How does best response imply indifference?

1.5k Views Asked by At

I recently read Leyton/Brown's Essentials of Game Theory and I keep coming back to this (Sec. 2.2):

When the support of a best response $s∗$ includes two or more actions, the agent must be indifferent among them—otherwise, the agent would prefer to reduce the probability of playing at least one of the actions to zero. But thus any mixture of these actions must also be a best response, not only the particular mixture in $s∗$. Similarly, if there are two pure strategies that are individually best responses, any mixture of the two is necessarily also a best response.

This is followed by an example on the next page of using this observation as the basis of computing a mixed-strategy Nash equilibrium.

I get it, but I don't get it "in my gut", which is troubling. It just seems to sound highly counter-intuitive that having a "best response" implies that we are thus "indifferent" in our response. I've tried to make this feel natural, but I haven't succeeded.

Does anyone have a better explanation/analogy/picture by which this can be made memorable and intuitive?

3

There are 3 best solutions below

0
On

Sure. Let's make a simple example. What if you and I both, on count of three, put down a penny on the table. If the faces match, I pay you one dollar, and if they don't, you pay me one dollar. Moreover, let's say you know I am randomizing 50-50 heads vs. tails. Given I am doing that: $$U_{\textrm{You}}(\textrm{Heads}) = \underbrace{1\cdot (0.5)}_{\textrm{Payoff if I end up heads}} -\underbrace{1\cdot (0.5)}_{\textrm{Payoff if I end up tails}} = 0$$

$$U_{\textrm{You}}(\textrm{Tails}) = \underbrace{1\cdot (0.5)}_{\textrm{Payoff if I end up tails}} -\underbrace{1\cdot (0.5)}_{\textrm{Payoff if I end up heads}} = 0$$

But moreover, any mixture for you also gets you zero expected profit!

Edit: I should say that this critically depends on the risk-neutrality of the utility function assumed in classical game theory. In particular, it is assumed that one has utility values for outcomes (a vector of actions, i.e. pure strategies), and that this utility function is extended linearly to the space of vectors of randomizations (this is known as a von Neumman-Morgenstern utility function).
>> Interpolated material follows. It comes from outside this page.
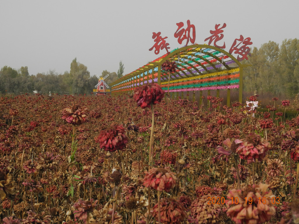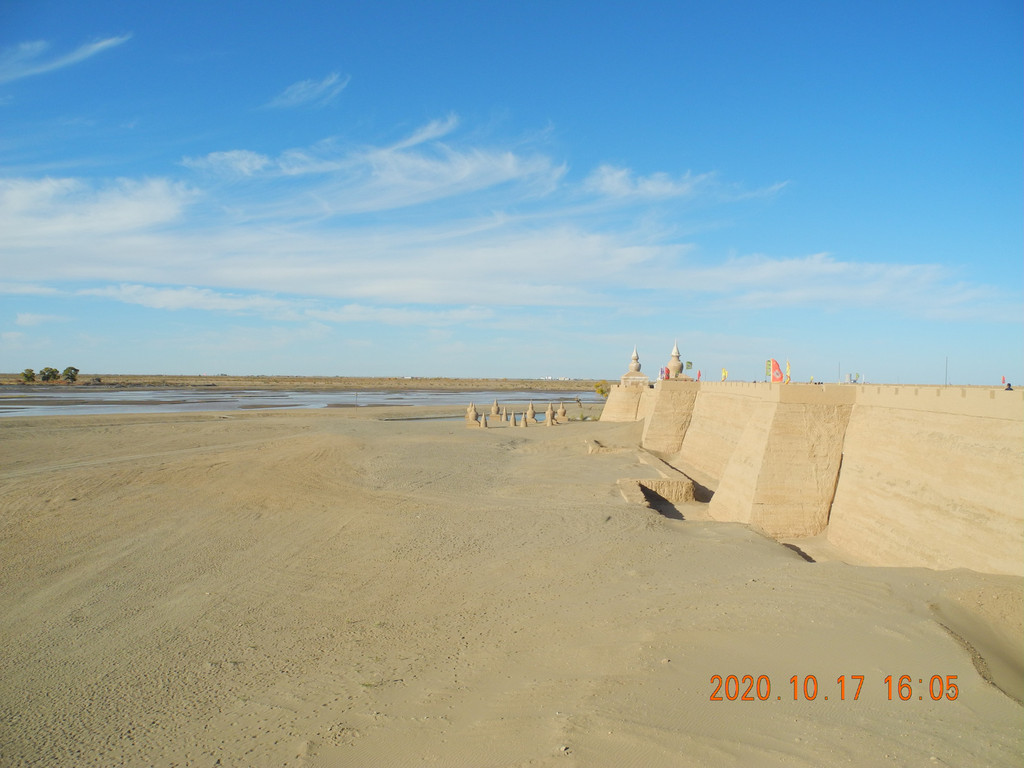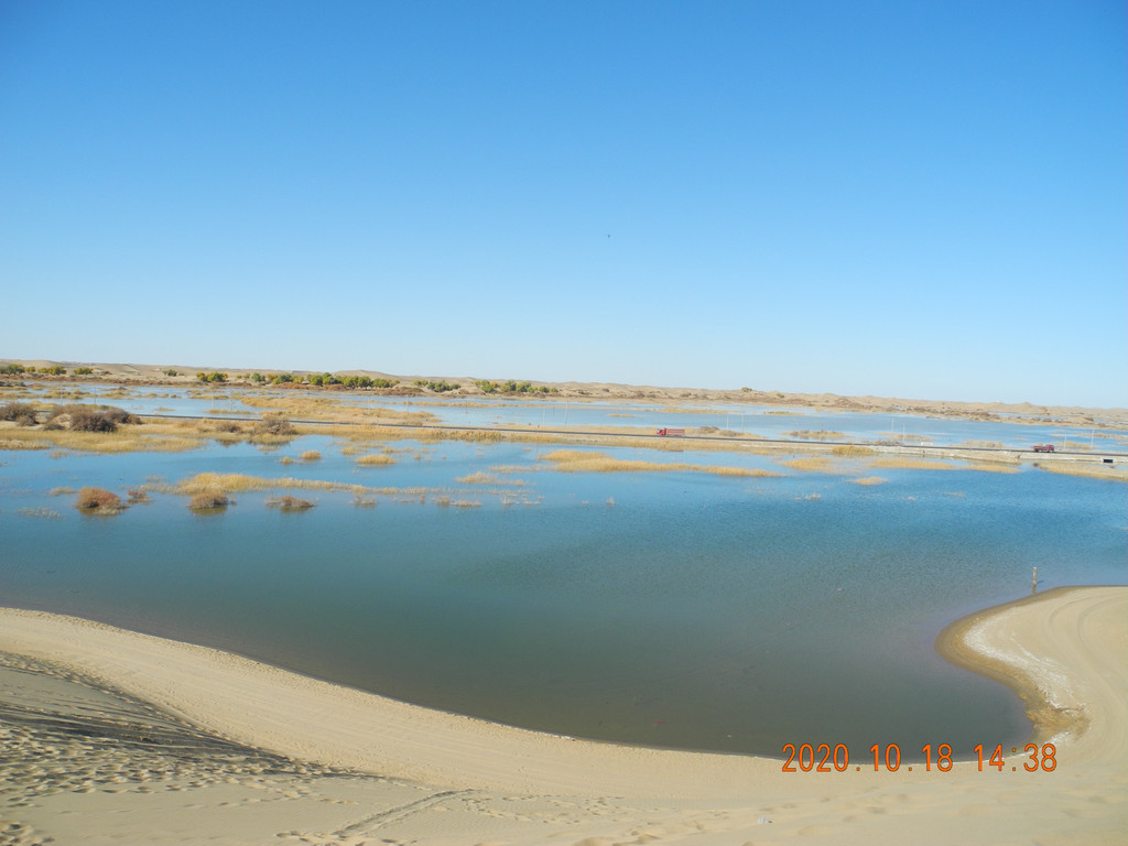 路边荒滩,排水中。酒航路上双向两车道,大车,小车,大巴川流不息,看样子进额济纳的人还真不少,大卡车一般都是奔策克边境去的。5个多小时路程,下午2点左右看到前面有条岔路,一头奔达来呼布,一头奔黑城遗址,但还指向弱水金沙方向也在达来呼布的方向,我们也没注意,继续向达来呼布方向开,想先进酒店放好行李再出来。开了没几分钟路边直接就是弱水金沙,怪树林的广告,跟我们做的攻略不一样啊,大家想着既然都到门口了进去逛一圈吧。停车买票。连区间车门票200,涨价了?再仔细看看。现在是4个景区都捆绑在一起了,弱水胡杨林,凤凰林,黑水古城,怪树林。4个景点打包了然后再以区间车串联,本来是弱水金沙是单独的,黑城遗址和怪树林是一起的。但现在黑城遗址不能去了,黑水古城只是个仿造的景点。现在等于一揽子把这些景点都囊括了。

It is precisely this linearity of the definition that means that if two outcomes yield identical utilities, than any convex combination of them (i.e. randomization between them) yields the same. Should the agent, say, be risk averse, this would not be true.

0
On

Assume, to the contrary, that the agent is not indifferent between two pure strategies $S_1$ and $S_2$ in the support of their best response. Let's say $S_1\succ S_2$, this implies $u(S_1)>u(S_2)$. But then

$$p_1u(S_1)+p_2u(S_2)<1u(S_1)+0u(S_2)$$

for any $0<p_1<1$ (it follows that $p_2=1-p_1\neq0$). For any reasonable definition of best response, it should be that $p_2$ should be $0$, and hence not in the support of the agent's best response, contradiction.

We have established that the agent is indifferent between every pure strategy $S_i$, $i\in I$ in the support of their best response, i.e. $S_i\sim S_j$ for all $i,j\in I$, which implies $u(S_i)=u(S_j)$ for all $i,j\in I$. Now let's take any two probability distributions $p$ and $q$ over $S_i$. It follows immediately that

$$\sum_{i\in I}p_iu(S_i)=\sum_{i\in I}q_iu(S_i)$$

since $\sum_{i\in I}p_i=\sum_{i\in I}q_i=1$. So the agent is indifferent between any two probability distributions over $S_i$.
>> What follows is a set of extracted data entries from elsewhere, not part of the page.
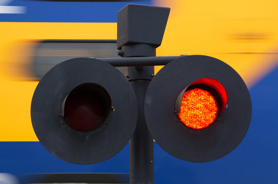 Red illuminated pedestrian crossing stop signal at night in the city.
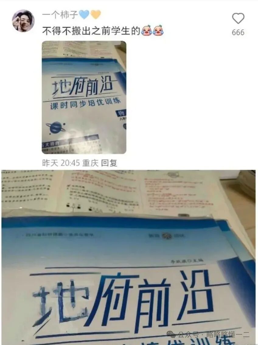 同学们“爆改”到一定程度后,连练习册都不放过了,除了改教材外,还有改练习册的,把“学府前沿”改成“地府前沿”的,看起来更恐怖了,和之前“爆改”成“活埋”的那名同学有的一拼。
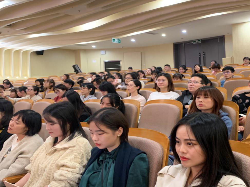 同学们认真聆听了杭州新世纪外国语公司滕梅芳董事长以“基于合作学习的‘思·辨·演’英语课堂研究”为主题的国家级教学成果推广讲座和华东师范大学博士生导师邹为诚教授的“论课堂师生语言交流质量与员工思辨技巧发展的关系”主题讲座,观摩了周芹和陆霞飞两位杭州名师精彩的课堂展示。

More concretely, it's like why would the agent want a (non-degenerate) lottery between \$5 and \$1 if they could just receive a guaranteed \$5? And now let's say outcomes $O_i$, $i\in I$ are currencies by which the agent believes are worth exactly the same (by exchange rates or some other means). Then the agent wouldn't care how their currency is split up as long as they believe the total value is the same.

1
On

Here is an intuitive answer. Imagine a box of chocolate pralines: some are dark chocolate, some are white chocolate, some have a nougat filling, and so on.

Your "best response" is picking the flavour you like the most; say, the nougat-filled ones.

Because you are indifferent among any of the nougat-filled pralines, your best response is to pick any of them. If randomised strategies are allowed, any probability distribution over the nougat-filled pralines is also a best response. Choosing randomly over your preferred pralines works as good as choosing one of them. (This may even be what happens in your brain when your hand picks one of the nougat-filled pralines.)